O melhor é que os brinquedos selecionados demandem a participação do outro para brincar.

8. Como o terapeuta determina os jogos e as brincadeiras a explorar com a criança?


Quem escolhe não é ele e sim a criança. Levando isso em conta, o profissional desenvolve o trabalho
durante a sessão, considerando também a avaliação de desenvolvimento inicial, que determina o nível
de desenvolvimento, identifica atrasos e potencialidades e estabelece as habilidades que precisam ser
ensinadas (como comunicação e independência social). Apesar de parecer que é a criança que dita o
desenrolar das sessões terapêuticas, a intervenção profissional é bastante planejada com um plano
terapêutico estabelecido e revisto continuamente.

9. Por que brincar ajuda no desenvolvimento de crianças pequenas com autismo?


Segundo o Modelo Denver, brincando as crianças têm oportunidade de desenvolver competências
sociais e aprendem a se comunicar de forma natural, tal como crianças neurotípicas. Durante a sessão
com jogos e brincadeiras, são desenvolvidas também motricidade fina e grossa. As habilidades de
motricidade grossa compreendem movimentos motores complexos como saltar, correr ou atirar
objetos.
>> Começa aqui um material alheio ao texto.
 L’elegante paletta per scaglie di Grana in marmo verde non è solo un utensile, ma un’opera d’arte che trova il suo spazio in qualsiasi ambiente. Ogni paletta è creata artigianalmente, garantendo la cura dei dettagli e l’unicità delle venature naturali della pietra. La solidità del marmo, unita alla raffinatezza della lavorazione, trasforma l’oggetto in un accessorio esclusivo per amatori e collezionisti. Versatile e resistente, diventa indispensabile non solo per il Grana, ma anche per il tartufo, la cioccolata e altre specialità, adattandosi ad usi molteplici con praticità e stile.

A motricidade fina compreende destrezas como agarrar objetos, recortar figuras ou abotoar
botões.

10. O terapeuta ensina a criança com autismo a brincar?


Sim, ele se torna um parceiro de brincadeira e de jogo. O terapeuta também ajuda a criança a se
interessar por brincar, dando instruções verbais, mostrando com gestos como fazer, pegando na mão
dela para fazer junto. Isso se justifica porque a interação da criança com autismo com o meio é atípica.
Diferentemente da criança neurotípica, ela perde muitas oportunidades de aprendizagem, se fixa em
partes específicas de objetos, foca atenção em movimentos repetitivos, não presta atenção ao que é
relevante.

11. Crianças com e sem autismo podem brincar juntas?


Devem. Os ganhos para ambas são imensuráveis no que diz respeito à aprendizagem da convivência,
tolerância e respeito às diferenças. No Modelo Denver, inclusive, é previsto, em determinada parte do
tratamento, brincadeiras e jogos com várias crianças reunidas, aproveitando diversas situações de
aprendizagem fruto da interação entre elas. Isso acontece no ambiente escolar, com participação do
educador. Estando junto de crianças neurotípicas, crianças com autismo têm exemplos nelas de como
brincar, são expostas à situação de pedir para brincar junto e fazê-lo, dentre outros ganhos e
interações sociais valiosas para o desenvolvimento delas.